Work to be completed:
Leave the pictures out and give every entry again exactly.

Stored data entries
____________
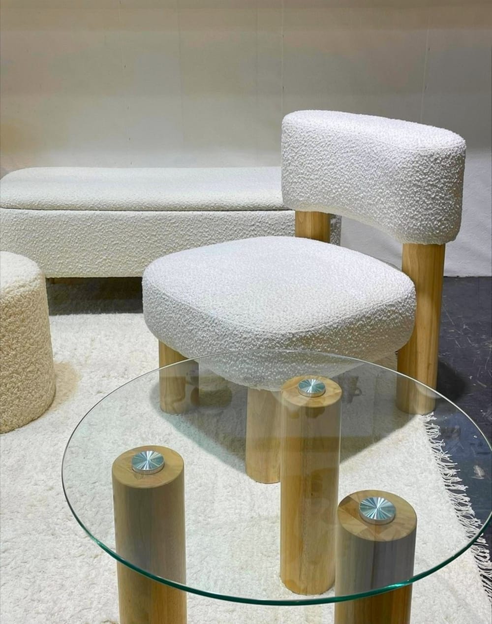 Sessel aus weißem Bouclé-Stoff von Mathi Design
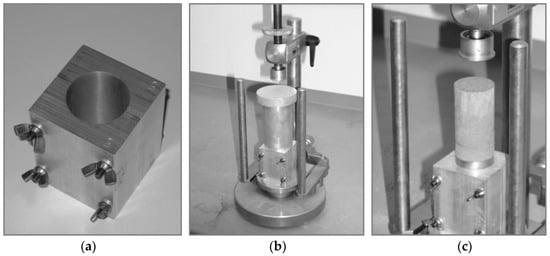33]. Lime-treated samples were prepared by hand-mixing the soil with a fixed amount of quicklime powder, precisely 10% CaO and distilled water (w/c = 20%). Samples were tested at different curing times, namely 0 (raw, i.e., not-treated), 7, 14, days and 105 days. The soil-lime–water mixture was then “dynamically” compacted in thin layers inside special aluminium cylindrical moulds (internal dia. = 38.1 mm) made of two split parts and boulted together during sample preparation (see
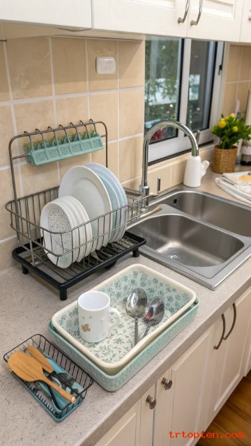 A dish rack can look stylish instead of messy. Choose wood or matte metal for a clean look. Keep it small and place it on a tray to catch water neatly.
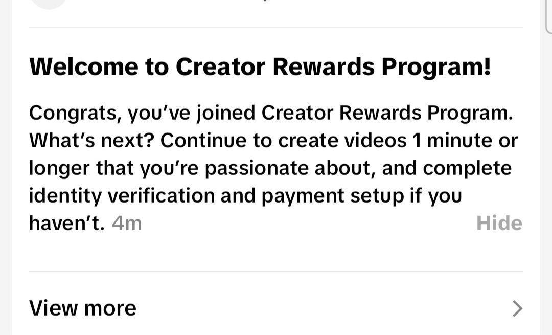 I got the best news ever Sunday I got accepted in the Tiktok Creator rewards program, which is exciting since it means I can get paid for videos over a minute long.
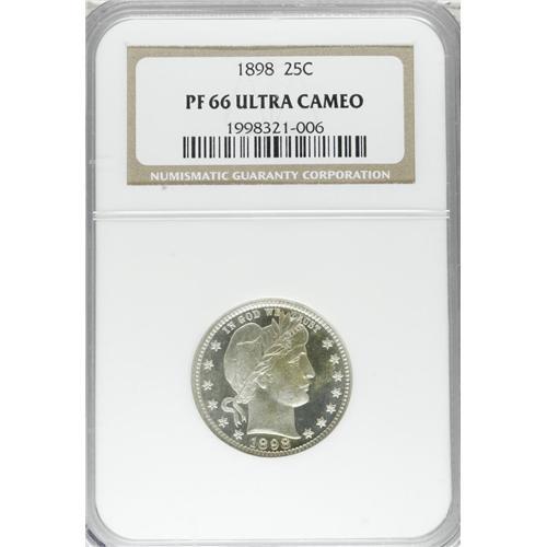<B>1898 25C PR66 Ultra Cameo NGC.</B></I> Outstanding field-motif contrast shows over each side. Nearly untoned, except for a light blush of gold color on the obverse. A powerful strike emboldens the design elements, and virtually pristine surfaces are evident throughout. Census: 5 in 66, 37 finer (4/07).<BR><BR><b>Shipping:</b> Coins & Currency (<a target="_blank" href="http://www.heritageauctions.com/common/shipping.php">view shipping information</a>)
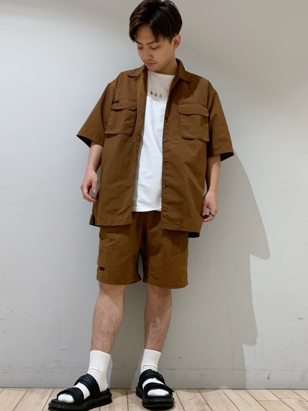 ミチの別注のシャツはナイロン100%なので夏にぴったりの素材。夏でも涼しく着れます。 セットアップでショーツと合わせると雰囲気のある大人セットアップコーデの完成! 普通のセットアップに飽きた方はオススメ!
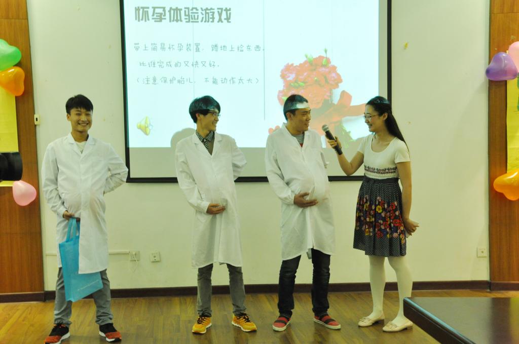 5月6日中午,“爱在心中,感恩母亲”体验活动在图书馆中层干部会议室举行。12位宿管阿姨与40多位学生一起通过视频观看了母亲分娩的过程。3位同学戴上了简易的怀孕装置,体验了母亲十月怀胎的辛苦。活动最后,同学们将红色康乃馨和写着祝福的卡片,送给在场的宿管阿姨,感谢阿姨平日里像妈妈一样的关心与照顾。
____________
Answer to this problem:
 Sessel aus weißem Bouclé-Stoff von Mathi Design
33]. Lime-treated samples were prepared by hand-mixing the soil with a fixed amount of quicklime powder, precisely 10% CaO and distilled water (w/c = 20%). Samples were tested at different curing times, namely 0 (raw, i.e., not-treated), 7, 14, days and 105 days. The soil-lime–water mixture was then “dynamically” compacted in thin layers inside special aluminium cylindrical moulds (internal dia. = 38.1 mm) made of two split parts and boulted together during sample preparation (see
 A dish rack can look stylish instead of messy. Choose wood or matte metal for a clean look. Keep it small and place it on a tray to catch water neatly.
 I got the best news ever Sunday I got accepted in the Tiktok Creator rewards program, which is exciting since it means I can get paid for videos over a minute long.
<B>1898 25C PR66 Ultra Cameo NGC.</B></I> Outstanding field-motif contrast shows over each side. Nearly untoned, except for a light blush of gold color on the obverse. A powerful strike emboldens the design elements, and virtually pristine surfaces are evident throughout. Census: 5 in 66, 37 finer (4/07).<BR><BR><b>Shipping:</b> Coins & Currency (<a target="_blank" href="http://www.heritageauctions.com/common/shipping.php">view shipping information</a>)
 ミチの別注のシャツはナイロン100%なので夏にぴったりの素材。夏でも涼しく着れます。 セットアップでショーツと合わせると雰囲気のある大人セットアップコーデの完成! 普通のセットアップに飽きた方はオススメ!
 5月6日中午,“爱在心中,感恩母亲”体验活动在图书馆中层干部会议室举行。12位宿管阿姨与40多位学生一起通过视频观看了母亲分娩的过程。3位同学戴上了简易的怀孕装置,体验了母亲十月怀胎的辛苦。活动最后,同学们将红色康乃馨和写着祝福的卡片,送给在场的宿管阿姨,感谢阿姨平日里像妈妈一样的关心与照顾。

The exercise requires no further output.